Питер О`Доннел - Недоступная девственница
— Наом, наом! — воскликнул он просительно-ласкательным тоном.
Озимандиас подобрал угощение, стал грызть корень, но в глазах его по-прежнему было подозрение. Пеннифезер переполз на четвереньках к Модести.
— Так у них называется еда, — пояснил он. — Та женщина прожила с ними три года, так что, наверное, она знает, что творит. Утверждает, что вообще-то они не очень агрессивные, главное, не раздражать их и вести себя по-обезьяньи. Значит, нам так и надо поступать. — Он сел, начал изо всех сил чесать себе грудь обеими руками, потом остановился. —
Погоди, я соврал, — сказал он. — Статья была не в «Ридерз дайджест», а в «Нэшнл джиографик».

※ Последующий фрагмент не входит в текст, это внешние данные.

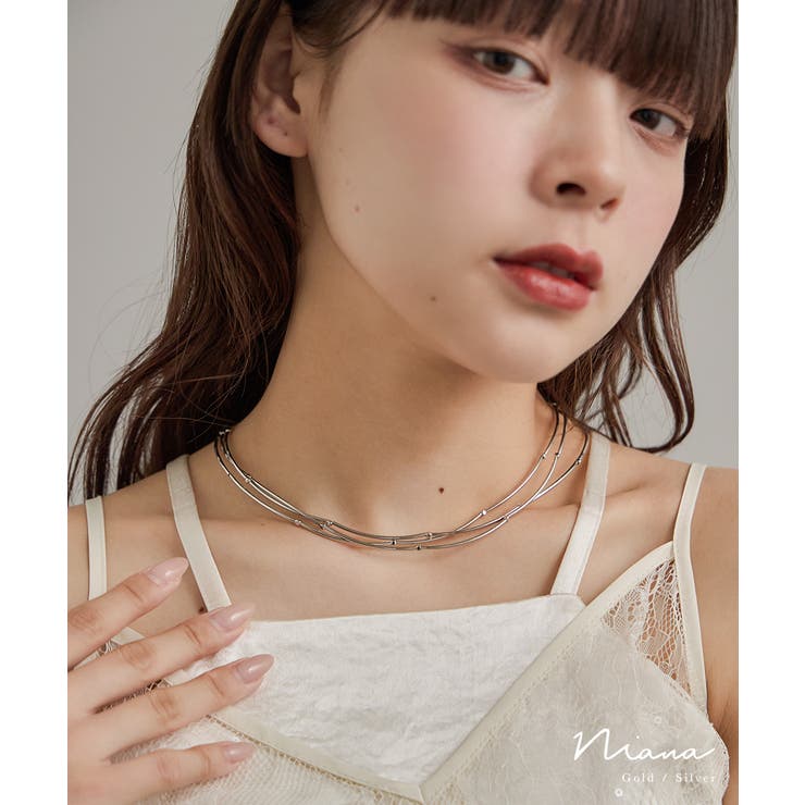 【10%OFFクーポン!1/29(木)1:59まで】Fashion Letter niana ニアナ ツイッギーメタルネックレス レディース アクセサリー ショート チョーカー ビーズ 3連 スライド式 アジャスター ゴールド シルバー 普段使い フォー
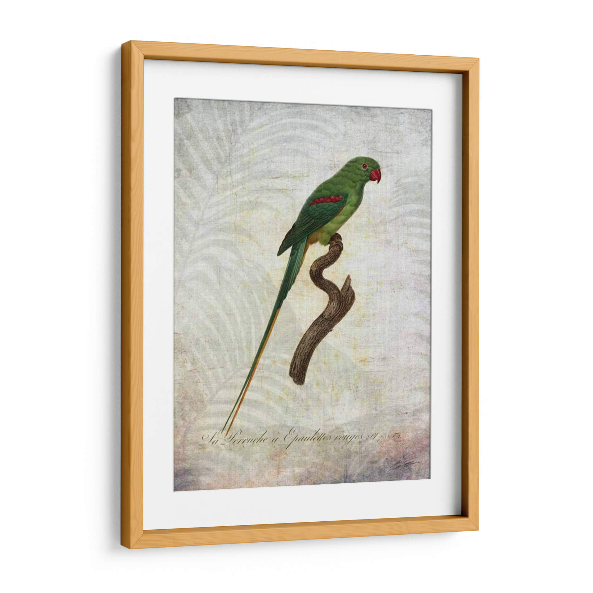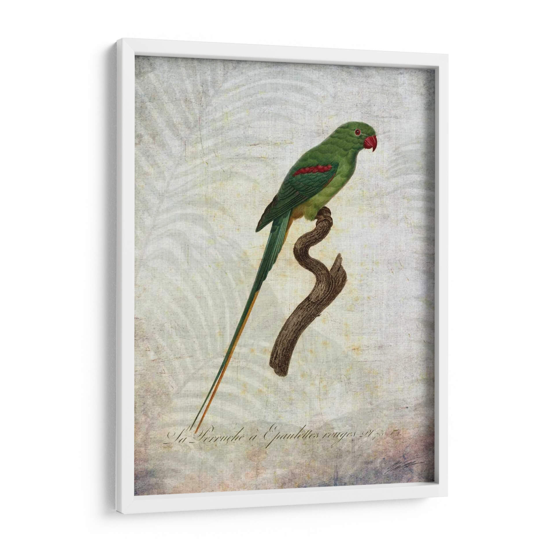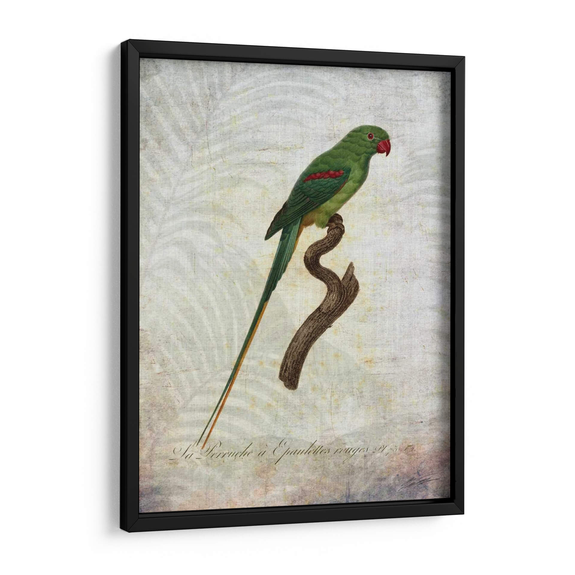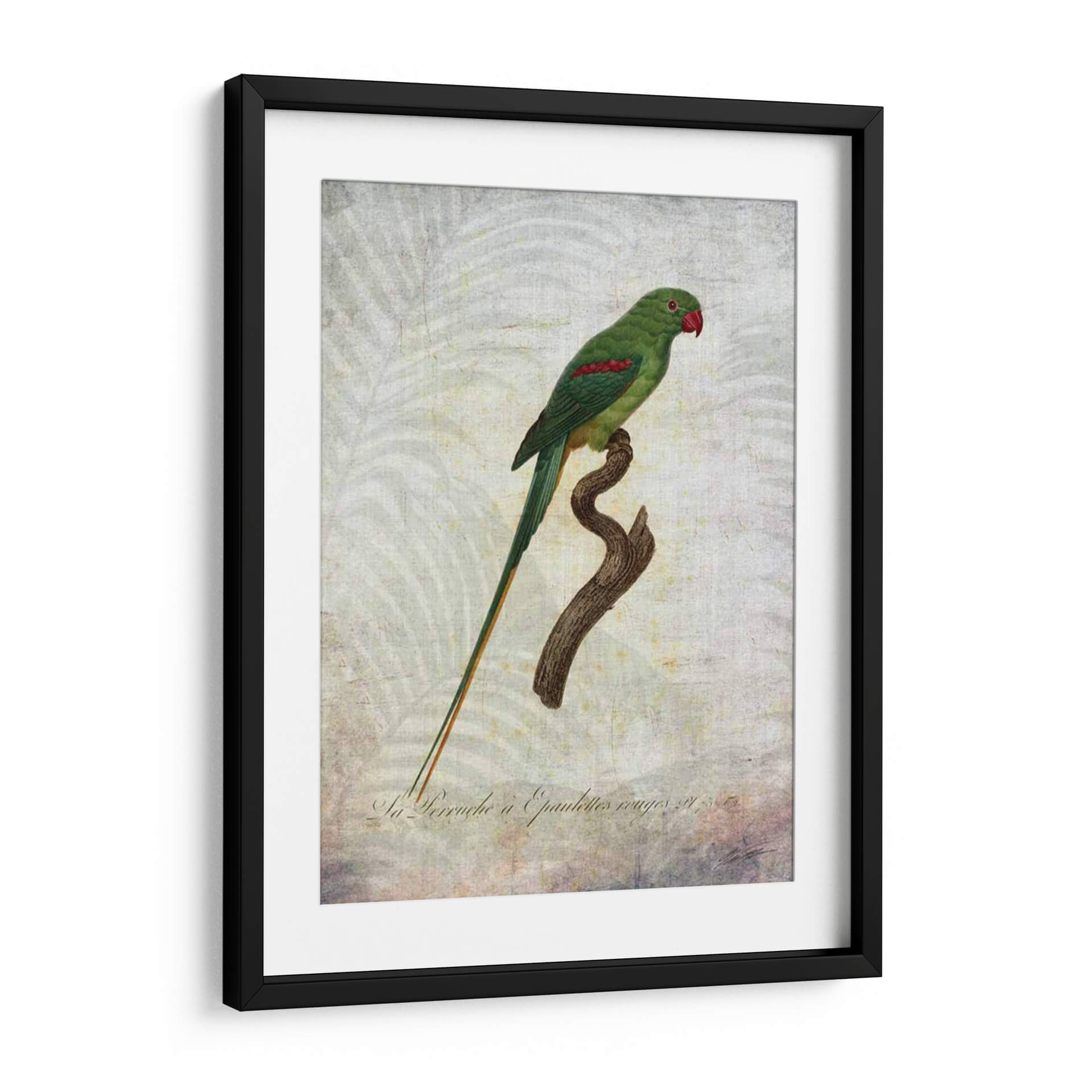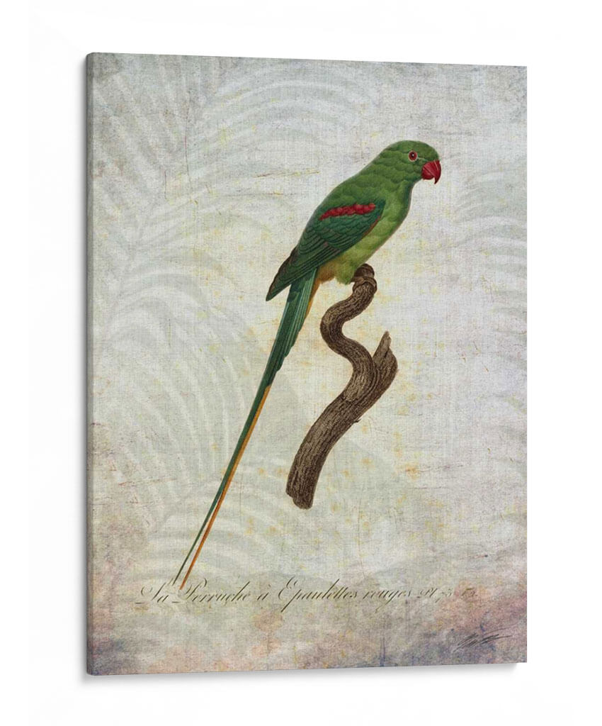 Sumérgete en la exuberancia tropical con "Parrot Jungle Iii", una obra de arte que captura la majestuosidad de un loro verde vibrante posado sobre una rama rústica. Los detalles intrincados de las plumas del ave, resaltados por sutiles toques de rojo en sus hombros y un pico carmesí, contrastan elegantemente con el delicado y texturizado fondo que evoca un ambiente botánico etéreo. La paleta de colores, dominada por verdes profundos, toques de rojo y tonos tierra suaves, crea una atmósfera de serenidad y conexión con la naturaleza. Este cuadro decorativo, con su estilo que recuerda a las ilustraciones científicas clásicas pero con un toque contemporáneo, es ideal para añadir un punto focal de color y vida a cualquier espacio. Perfecto para salones, dormitorios o estudios que busquen una dosis de elegancia natural y un aire de sofisticación exótica. La composición centrada y la calidad detallada de la obra la convierten en una pieza versátil, capaz de complementar desde decoraciones clásicas hasta interiores más modernos y eclécticos, invitando a la contemplación y al disfrute de la belleza natural en tu hogar.
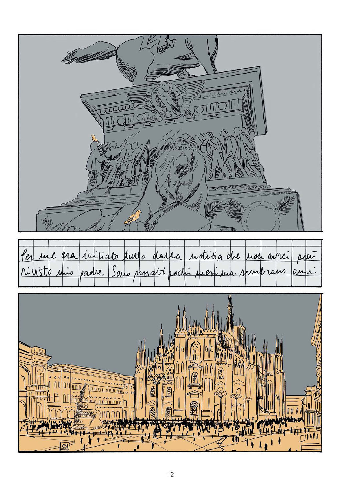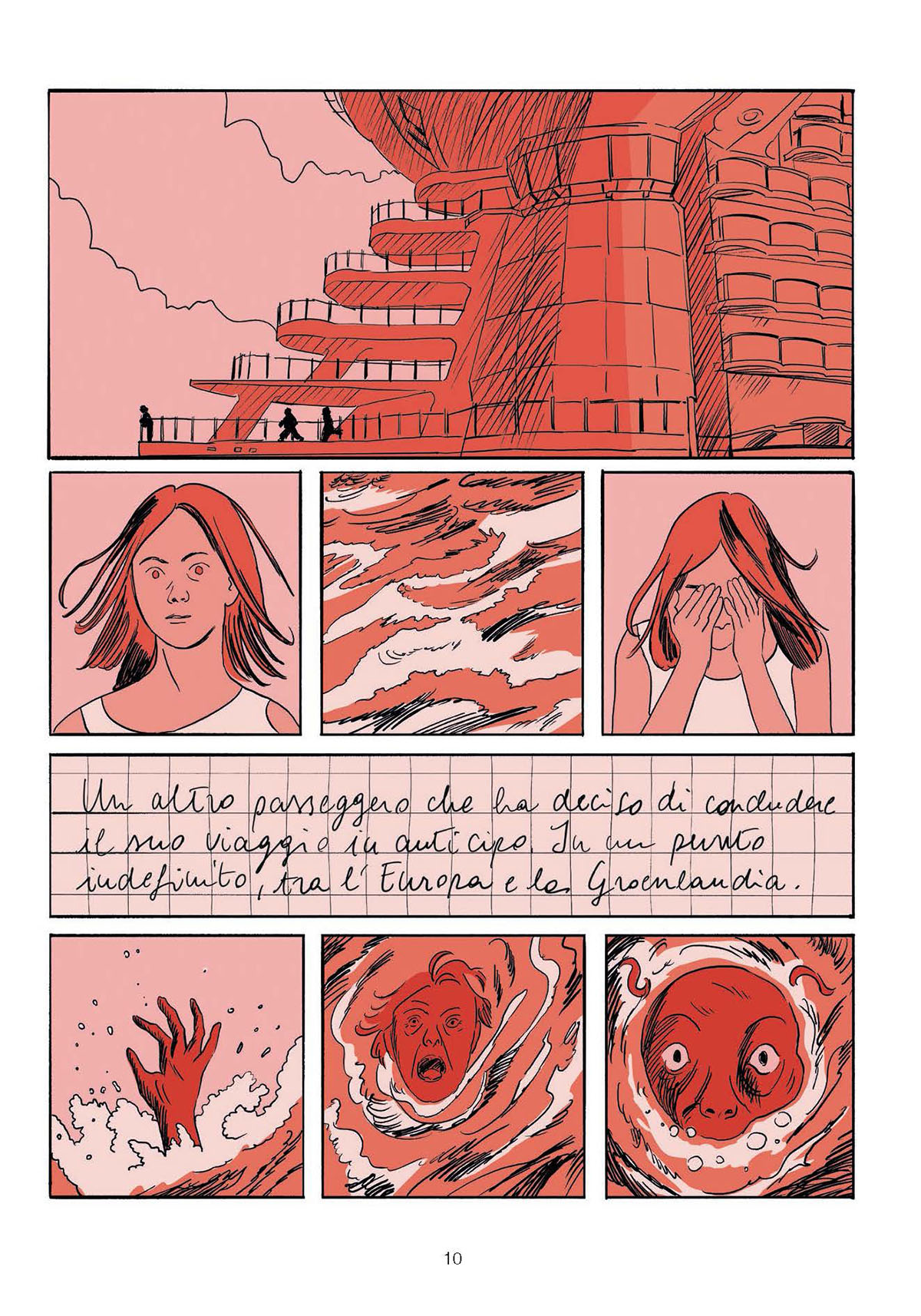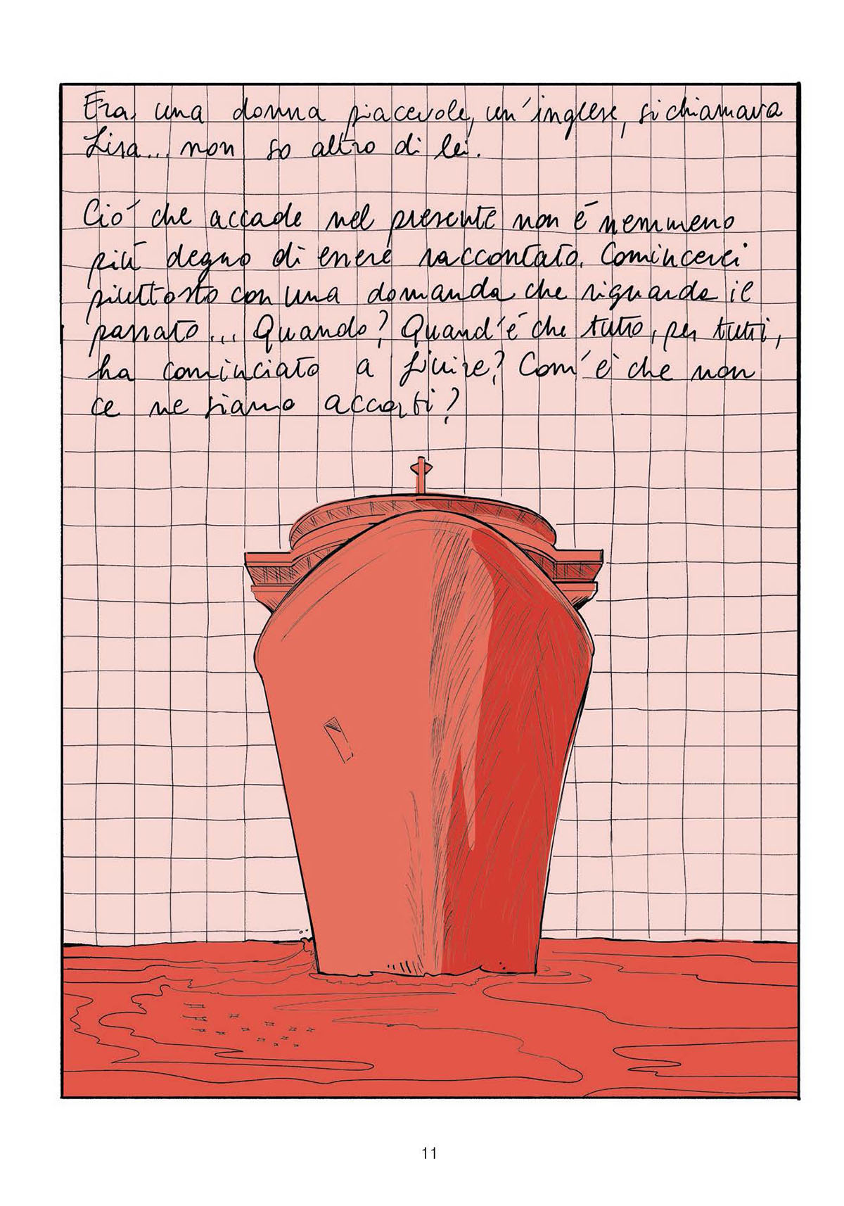 «La lettura di Fine mi ha accompagnato nell’immaginare scenari remoti, ma allo stesso tempo possibili. Sara inizia a raccontare la sua storia in una nave sospesa nel tempo. Questi primi istanti si traducono per me in uno spazio ai confini del mondo. Sembra che lei ci sia arrivata prima di noi, alle Colonne d’Ercole. Ed è qui che impariamo a riflettere: nel suo presente non si può più tornare indietro, si può solo andare avanti. Dove?È un viaggio a ritroso in cui le emozioni dei personaggi, che prima avevano un proprio posto, un ruolo definito, cambiano radicalmente perché cambia il mondo. Mi sono chiesta chi fosse il vero protagonista di tutta questa vicenda: è Sara? Siamo noi? O è il nostro pianeta, che mantiene il suo movimento, la sua rivoluzione, nonostante tutto? La realtà che Giuseppe Civati e Marco Tiberi evocano con la scrittura è forte e per me è sia un piacere che una sfida aggiungere una nuova voce a questo lavoro. Cerco di mettere in atto nel disegno un intervento di trasformazione per ricavare un nuovo livello di lettura: possiamo scorrere con i nostri occhi tra le frasi di Fine, e anche tra le tavole del fumetto, in modo simile a un sistema binario formato da due stelle che ruotano attorno a un baricentro comune».
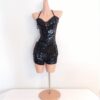 BLACK/Silver Sequins. Beads and crystal Stones Leotard/Bodysuit ! ( Please see all pictures ! )
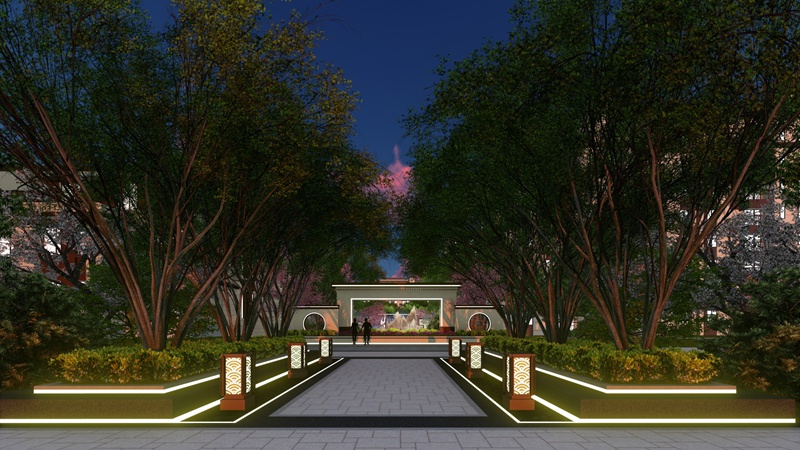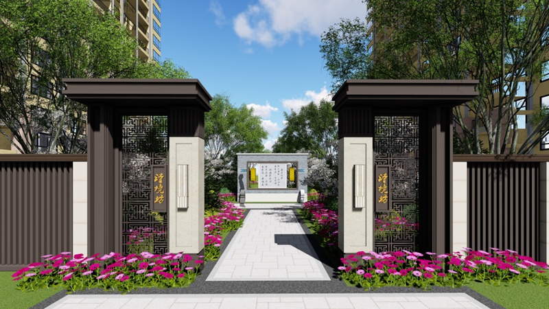 園區(qū)道路采用人車分流的設(shè)計(jì)方式,避免大量私家車對居住環(huán)境的影響,保證小區(qū)的安全與安靜。設(shè)計(jì)結(jié)合單元入口、車庫位置及各功能分區(qū),遵循新中式景觀特點(diǎn),圍合出院落空間。
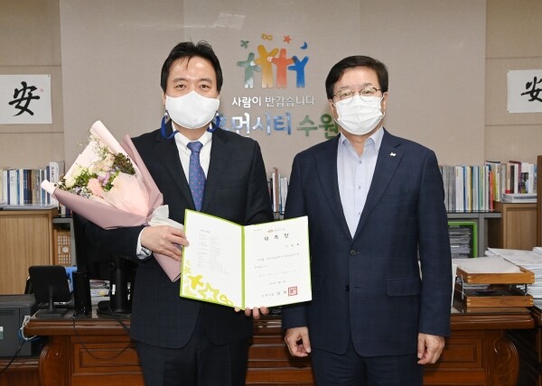 염태영 수원시장은 2일 집무실에서 구태환 예술감독에게 위촉장을 수여했다.
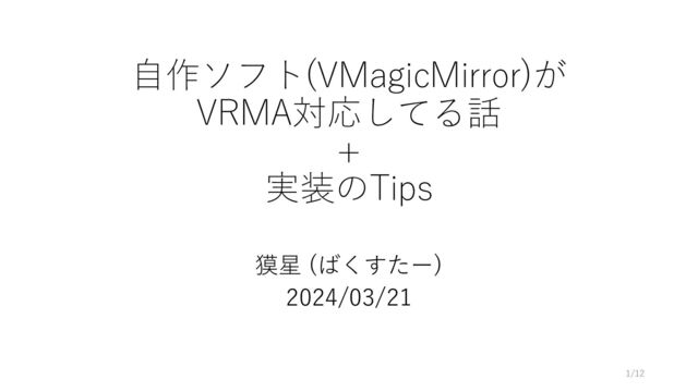 ・データ設計がイケてるか自信がない ・第三者がファイルを配布しにくい ・ 個人開発者として悩ましい → VRM Animationに移行判断 専用ファイル (.vmm_motion) 変換用コード 自作ソフト Help: https://malaybaku.github.io/VMagicMirror/tips/use_custom_motion/ GitHub: https://github.com/malaybaku/VMagicMirror_MotionExporter ファイル 自作コード 元データ (AnimationClip) 変換用Project セーブ ロード+再生 6
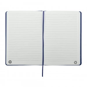 Artikel-Nr: AND800741-06ANotizbuch mit recyceltem PU-Lederbezug und 100 linierten Blättern aus Recyclingpapier. Mit farblich passendem Lesezeichen und Gummiband. A5-Größe.
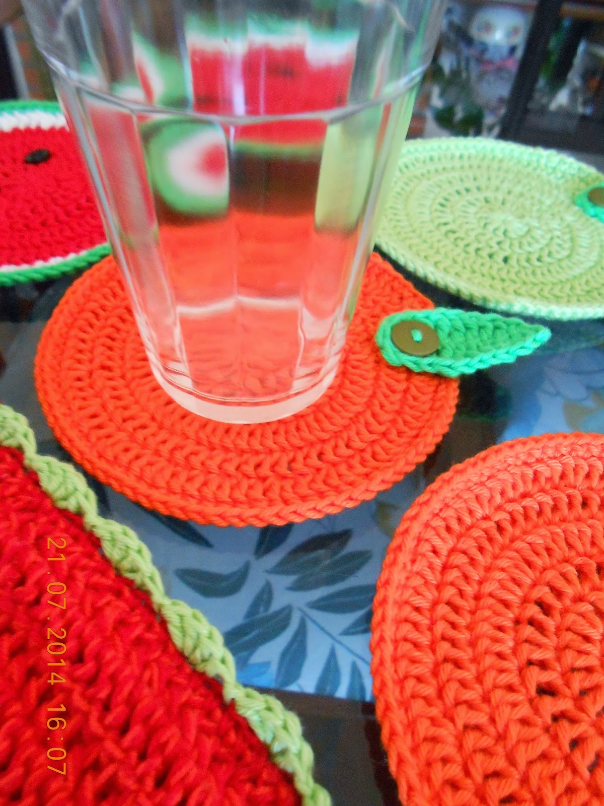 Seis lindos porta copos de crochê em formato de frutinhas. Limão , laranja ou melancia?

Ситуация, в которой они находились, никак не способствовала веселью, но Модести чуть не поперхнулась от с трудом сдерживаемого приступа смеха. Она только странно фыркнула и осеклась. Озимандиас отбросил корень сельдерея, встал на четвереньки и покосился на незваных гостей. Джайлз прошептал:
— Давай еще раз, Модести.
— О чем ты?
— Ты неплохо сейчас фыркнула. Только постарайся сделать это погромче и плавно… Они это любят.
Модести набрала в легкие побольше воздуха и рыгнула изо всех сил. Пеннифезер восхищенно посмотрел на нее.
— Молодчина. Я бы тоже так сделал, но у меня не получается. Ну, а теперь надо немножко подвигаться. А то он решит, что мы какие-то очень странные обезьяны, если все время сидим на одном месте.
Пеннифезер заковылял по клетке, по-прежнему обхватив себя руками в знак отсутствия злых намерений. Модести посмотрела и стала копировать его ужимки. Все это сильно смахивало на фарс, который, впрочем, в любой момент мог превратиться в кровавую трагедию. Озимандиас встал, побарабанил себя по груди кулачищами, потом снова опустился на четвереньки. Его воинственности явно поубавилось, но это, конечно, могла быть лишь передышка перед решительными действиями. Одного-единственного удара или захвата могучей ручищи будет достаточно, чтобы все рухнуло.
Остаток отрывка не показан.